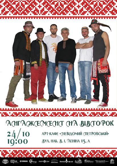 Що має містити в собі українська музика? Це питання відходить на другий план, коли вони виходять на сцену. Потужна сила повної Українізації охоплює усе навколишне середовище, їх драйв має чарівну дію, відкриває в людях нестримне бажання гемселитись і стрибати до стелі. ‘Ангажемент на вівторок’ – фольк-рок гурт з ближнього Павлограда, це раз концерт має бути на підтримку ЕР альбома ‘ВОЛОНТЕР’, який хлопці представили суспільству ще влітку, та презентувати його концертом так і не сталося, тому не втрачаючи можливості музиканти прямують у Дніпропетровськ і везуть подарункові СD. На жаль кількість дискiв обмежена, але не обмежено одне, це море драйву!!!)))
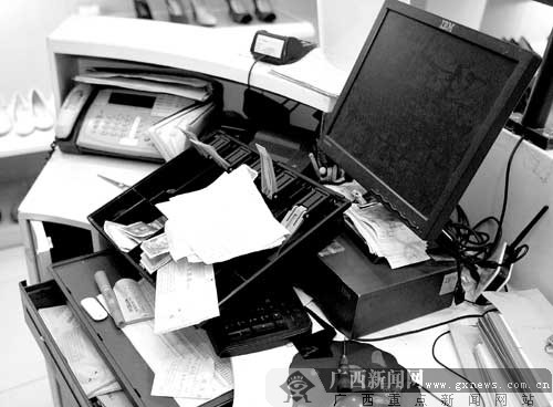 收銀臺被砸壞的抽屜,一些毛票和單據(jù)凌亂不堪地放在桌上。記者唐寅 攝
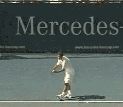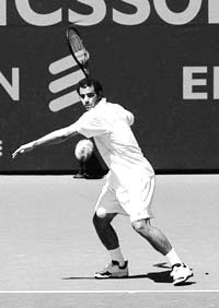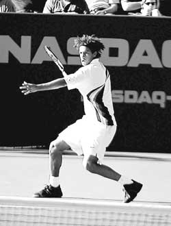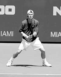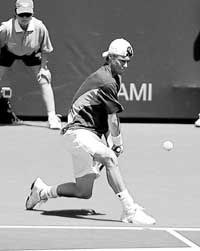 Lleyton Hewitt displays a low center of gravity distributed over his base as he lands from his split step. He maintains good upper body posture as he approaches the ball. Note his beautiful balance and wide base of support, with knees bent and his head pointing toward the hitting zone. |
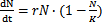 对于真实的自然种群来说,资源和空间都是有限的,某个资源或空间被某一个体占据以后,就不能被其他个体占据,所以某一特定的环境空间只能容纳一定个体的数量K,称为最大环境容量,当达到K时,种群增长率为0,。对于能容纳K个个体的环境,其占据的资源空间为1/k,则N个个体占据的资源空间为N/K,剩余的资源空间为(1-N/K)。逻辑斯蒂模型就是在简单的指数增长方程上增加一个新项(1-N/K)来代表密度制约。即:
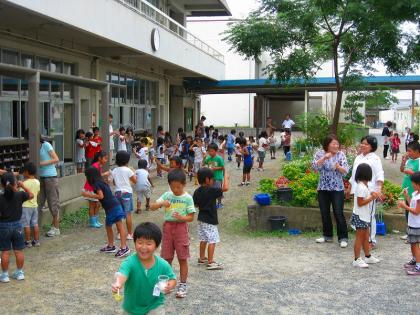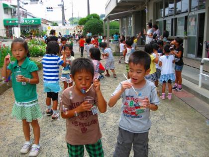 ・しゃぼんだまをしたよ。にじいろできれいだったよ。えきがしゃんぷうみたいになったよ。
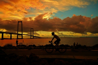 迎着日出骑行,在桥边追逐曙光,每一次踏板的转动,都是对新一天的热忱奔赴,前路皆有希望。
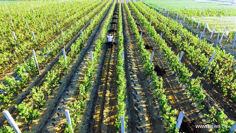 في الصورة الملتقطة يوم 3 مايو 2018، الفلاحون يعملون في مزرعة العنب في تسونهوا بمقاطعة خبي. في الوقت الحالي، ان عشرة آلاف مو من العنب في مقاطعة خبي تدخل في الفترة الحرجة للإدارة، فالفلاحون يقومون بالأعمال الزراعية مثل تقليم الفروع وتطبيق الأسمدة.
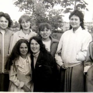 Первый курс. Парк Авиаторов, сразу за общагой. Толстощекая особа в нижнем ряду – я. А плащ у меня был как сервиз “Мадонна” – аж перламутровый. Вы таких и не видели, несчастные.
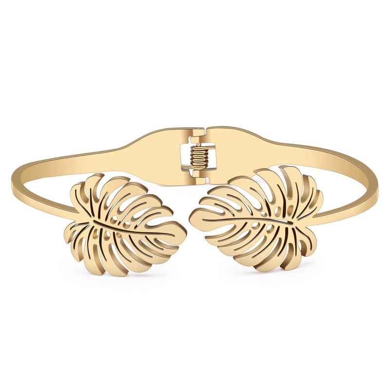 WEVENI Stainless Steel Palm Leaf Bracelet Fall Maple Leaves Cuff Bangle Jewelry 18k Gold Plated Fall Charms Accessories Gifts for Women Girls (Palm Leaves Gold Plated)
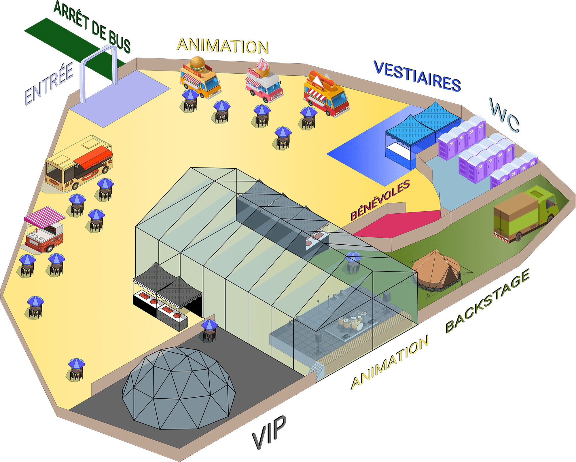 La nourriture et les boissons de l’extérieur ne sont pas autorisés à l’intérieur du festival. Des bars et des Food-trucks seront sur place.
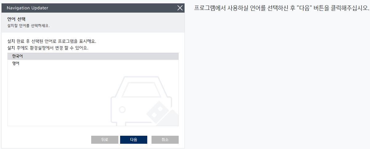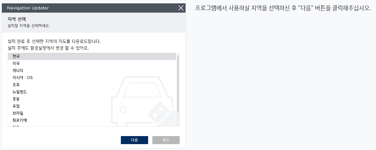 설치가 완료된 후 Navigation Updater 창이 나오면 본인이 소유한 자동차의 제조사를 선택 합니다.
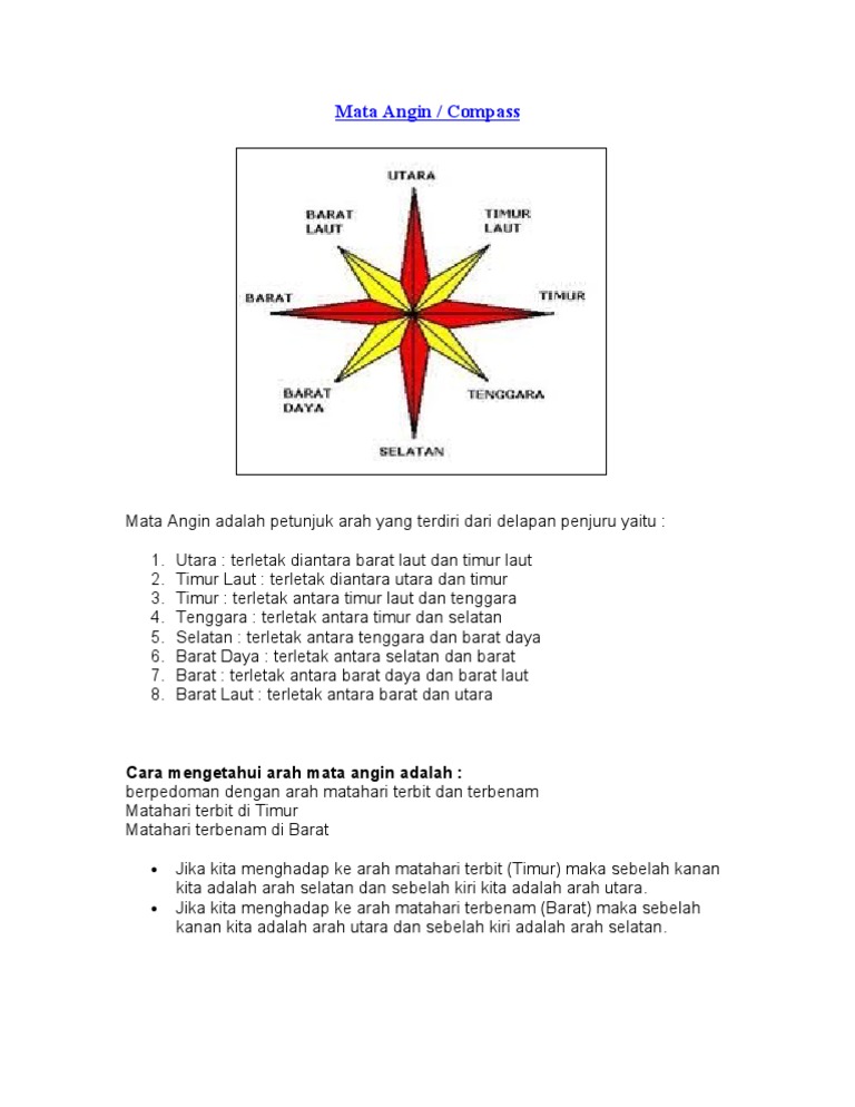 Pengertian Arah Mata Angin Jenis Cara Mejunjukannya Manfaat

====================

- **Goal of the exercise**
Wherever a picture appears in the data, please drop it and retype the rest exactly.

- **Exercise result**
 Що має містити в собі українська музика? Це питання відходить на другий план, коли вони виходять на сцену. Потужна сила повної Українізації охоплює усе навколишне середовище, їх драйв має чарівну дію, відкриває в людях нестримне бажання гемселитись і стрибати до стелі. ‘Ангажемент на вівторок’ – фольк-рок гурт з ближнього Павлограда, це раз концерт має бути на підтримку ЕР альбома ‘ВОЛОНТЕР’, який хлопці представили суспільству ще влітку, та презентувати його концертом так і не сталося, тому не втрачаючи можливості музиканти прямують у Дніпропетровськ і везуть подарункові СD. На жаль кількість дискiв обмежена, але не обмежено одне, це море драйву!!!)))
 收銀臺被砸壞的抽屜,一些毛票和單據(jù)凌亂不堪地放在桌上。記者唐寅 攝
 Lleyton Hewitt displays a low center of gravity distributed over his base as he lands from his split step. He maintains good upper body posture as he approaches the ball. Note his beautiful balance and wide base of support, with knees bent and his head pointing toward the hitting zone. |
 对于真实的自然种群来说,资源和空间都是有限的,某个资源或空间被某一个体占据以后,就不能被其他个体占据,所以某一特定的环境空间只能容纳一定个体的数量K,称为最大环境容量,当达到K时,种群增长率为0,。对于能容纳K个个体的环境,其占据的资源空间为1/k,则N个个体占据的资源空间为N/K,剩余的资源空间为(1-N/K)。逻辑斯蒂模型就是在简单的指数增长方程上增加一个新项(1-N/K)来代表密度制约。即:
 ・しゃぼんだまをしたよ。にじいろできれいだったよ。えきがしゃんぷうみたいになったよ。
 迎着日出骑行,在桥边追逐曙光,每一次踏板的转动,都是对新一天的热忱奔赴,前路皆有希望。
 في الصورة الملتقطة يوم 3 مايو 2018، الفلاحون يعملون في مزرعة العنب في تسونهوا بمقاطعة خبي. في الوقت الحالي، ان عشرة آلاف مو من العنب في مقاطعة خبي تدخل في الفترة الحرجة للإدارة، فالفلاحون يقومون بالأعمال الزراعية مثل تقليم الفروع وتطبيق الأسمدة.
 Первый курс. Парк Авиаторов, сразу за общагой. Толстощекая особа в нижнем ряду – я. А плащ у меня был как сервиз “Мадонна” – аж перламутровый. Вы таких и не видели, несчастные.
 WEVENI Stainless Steel Palm Leaf Bracelet Fall Maple Leaves Cuff Bangle Jewelry 18k Gold Plated Fall Charms Accessories Gifts for Women Girls (Palm Leaves Gold Plated)
 La nourriture et les boissons de l’extérieur ne sont pas autorisés à l’intérieur du festival. Des bars et des Food-trucks seront sur place.
 설치가 완료된 후 Navigation Updater 창이 나오면 본인이 소유한 자동차의 제조사를 선택 합니다.
 Pengertian Arah Mata Angin Jenis Cara Mejunjukannya Manfaat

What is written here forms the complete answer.